Maybe change it to "you can use the heal skill on a dying character as a minor action." instead of restricting it to using the stabilize option.


----------



## Stalker0 (Mar 25, 2009)

I think the +4 to bull rush or grab feats are a bit on the weak side, but if you combine them into one feat I think you have a solid feat there.


----------



## Mr.
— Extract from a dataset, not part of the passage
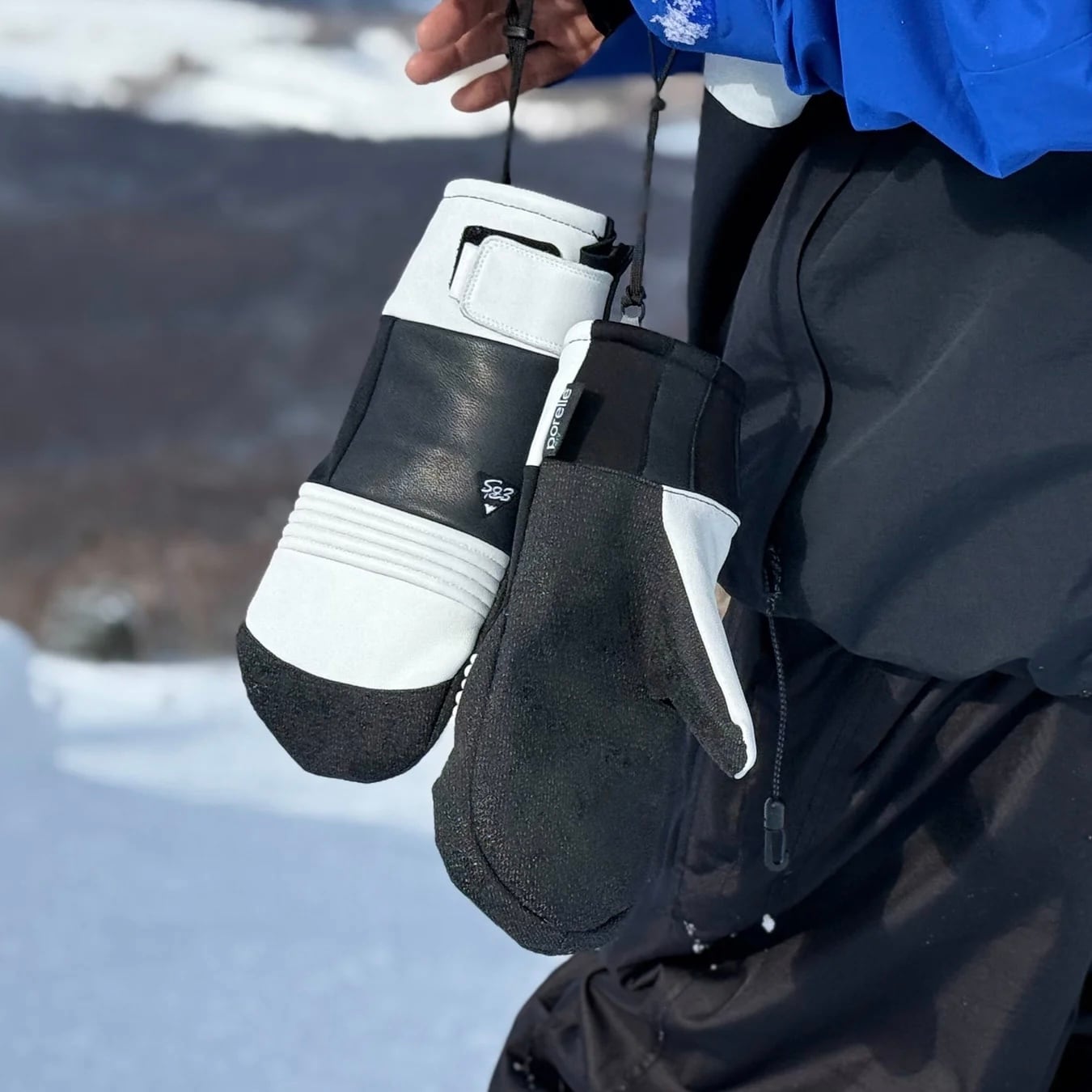 ・本革=摩擦や型崩れに強くやわらかい手触りが特徴のゴート革(山羊革)を使用しています。染色加工の際に防腐、防水材を混ぜており雪山でも使えば使うほどやわらかくしなやかになり手に馴染んでくれ革を育てるのもレザーグローブの醍醐味です。

Wilson (Mar 25, 2009)

I like all the new Heroic feats for the reasons advocated above minus the Expertise feats, which are simply houseruled as a fixed bonus then banned.

If I was playing a non-healer I would definately pick up Combat Medic when I could fit in the feat.  Making it a minor action is a huge, huge buff to the Heal skill.


----------



## hvg3akaek (Mar 25, 2009)

I am not happy with the Goliath weapons training feat...it seems a very poor choice after the Dwarven and Eladrin ones, which do roughly the same thing, but also grant proficiency with superior weapons.


The other one I wasn't very happy with was "Blurring Claws".  I was making a Razorclaw druid, and thought that this feat would help his beast form attacks somewhat.  But, silly me - apparently, to use your blurring claws, you must be holding a weapon!  
So, with a sword or hammer in hand, I can get additional damage from my claws (???), but if I am attacking with a "melee touch" power (say, the druid's "Grasping Claws"), and, you know, using my claws on them, it has no effect...


----------



## DracoSuave (Mar 25, 2009)

fissionessence said:


> I find it intriguing that in the original post, the only feats that were allowed were ones that seemed boring or useless to the OP. The ones that seemed good and/or useful weren't allowed.




'This feat makes a weapon no one would normally take into a useable weapon, allowing for concepts in superheroic fantasy characters using that weapon to be supported by the system.  BAN IT!'


----------



## Tuft (Mar 25, 2009)

Nail said:


> I noticed that too.
> 
> I know from plenty of experience that banning things I thought were "too good" often led to hurt feelings and less fun in-game.  It's tempting to ban stuff (like Battlerager Fighters?), but if it's ruining no player's fun, it's not worth the cost.
> 
> Easy to say, harder to practice.




Words of wisdom, indeed!


----------



## DogBackward (Mar 25, 2009)

If you wanna make the _"Improved ---"_ powers work, I suggest you add the following to the feats:


> *Improved Bull Rush*: If your Bull Rush is successful, you can Slide the target 1 square instead of Pushing it.
> _(Fling him aside makes just as much sense as push him forward.)_
> 
> *Improved Grab*: You also gain a +2 bonus to all defenses to resist a Grabbed target's attempt to escape your Grab.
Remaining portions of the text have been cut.